Mais de 80 projectos estão neste momento a ser promovidos pelo HRELP. Percorre-se a lista e fica-se abismado pela diversidade de línguas, muitas delas quase desconhecidas para a maioria das pessoas, bem como pelo tamanho das comunidades que as perpetuam, que por vezes não ultrapassam a centena de elementos.
Quanto ao archi, é uma língua oral que merece claramente ser considerada como altamente ameaçada de extinção. Apenas cerca de 1000 pessoas falam hoje archi no mundo e, para quase praticamente todas elas, trata-se da sua língua materna (os casamentos fora da comunidade são raros). Essas pessoas vivem na remota aldeia de Archi e nos seus arredores (formados por mais seis povoações muito próximas) e muitas delas já são idosas, pois os mais novos abandonaram há tempos a aldeia dos seus antepassados. Mas a cultura archi é uma das mais bem preservadas do Daguistão.
Marina Chumakina, numa conferência na Universidade de Londres no ano passado, explicava que o archi pertence ao grupo das línguas do norte do Cáucaso, mas que não apresenta contactos imediatos com outras línguas desse grupo, do qual se terá provavelmente separado há cerca de 1500 anos.
Língua notável
O archi já tinha sido estudado nos anos 70 por outros investigadores russos, tendo dado origem a uma descrição gramatical bastante aprofundada, mas até aqui pouca coisa existia em termos lexicais. Agora, com a ajuda de colegas de Surrey e de cientistas das universidades estaduais de Moscovo e do Daguistão - e com a "participação entusiasta" dos próprios habitantes da aldeia, "muito orgulhosos da sua língua" -, Chumakina e Corbett desenvolveram um dicionário multimédia (que inclui imagens e clips de áudio).
A missão poderá à partida parecer quase impossível, porque, do ponto de vista linguístico, o archi é absolutamente notável: "O seu sistema morfológico desafia o entendimento pelo tamanho dos seus paradigmas", explicava Marina Chumakina, em 2005, perante o Congresso Internacional sobre Língua, História e Identidades Culturais no Cáucaso, que decorreu na Universidade de Malmö, na Suécia. O que, transposto da linguagem árida dos linguistas para uma linguagem mais simples, significa, por exemplo (garante a cientista) que um mesmo verbo pode ter mais de um milhão e meio de formas, ainda por cima nem sempre regulares! E que os substantivos podem apresentar dezenas de formas diferentes e irregulares conforme, nomeadamente, a sua função gramatical nas frases.

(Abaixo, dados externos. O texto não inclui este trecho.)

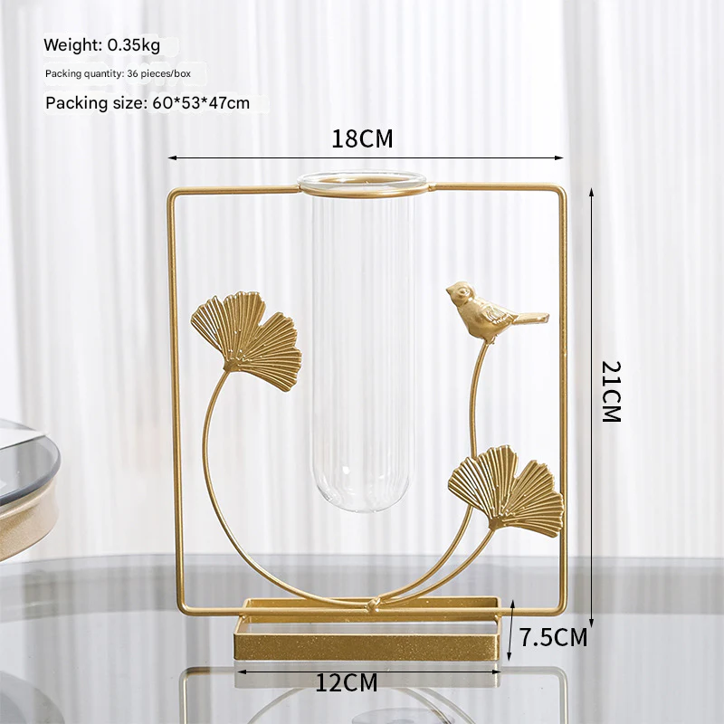 Elevate your space with the elegance of this Gold Bird Flower Vase, a standout piece designed to enhance your dining table, coffee table, or entryway. Crafted from premium metal in a sleek European style, this decorative vase features a delicate bird detail perched on top, symbolizing peace and charm. Its versatile shape—available in round, square, or hexagonal—adds modern sophistication to any room. Perfect for displaying artificial flowers, it brings life and luxury to your living room or dining setup without the maintenance of real blooms. Whether styled as a centerpiece or accent decor, it blends effortlessly into both classic and contemporary homes. Handpicked from Abroad, this high-end vase is a beautiful balance of artistry and practicality for tasteful home decoration.
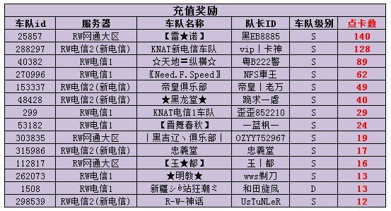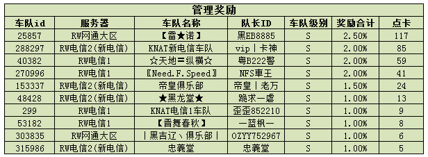 1.点卡奖励还是按照相关规则:由车队队长负责分配;

Como salienta ainda Marina Chumakina, "cada uma das características morfológicas do archi, considerada separadamente, existe noutras línguas do Daguistão. Mas o que torna o archi excepcional é que ele as reúne todas". Haverá alguém, podemos aliás perguntar-nos nesta altura, capaz de aprender esta língua a não ser desde o berço?
Também do ponto de vista fonético o archi não se fica atrás, com 70 consoantes, algumas delas bastante raras, e 11 vogais - donde o interesse acrescido de dispor de ficheiros de sons, tanto para os linguistas como para os descendentes dos habitantes da aldeia. E como se não bastasse, "existem muitas noções impossíveis de traduzir, em particular no que se refere à pastorícia, às roupas tradicionais e aos pratos tradicionais", explica Chumakina.
O dicionário, acrescentava a cientista naquela altura, é um dicionário digital archi-inglês-russo que permite diversas modalidades de pesquisa. "As entradas do dicionário incluem as informações sintácticas e morfológicas essenciais, suficientes para obter qualquer forma de uma dada palavra. Criámos uma base de dados que nos permite produzir o dicionário em vários formatos (um para as pessoas que falam a língua, outro para os linguistas) ao mesmo tempo". Um exemplar da versão em papel encontra-se desde há poucos dias nas mãos dos habitantes de Archi. Entretanto, os investigadores já anunciaram que deverá ser possível em breve consultar a versão electrónica do dicionário.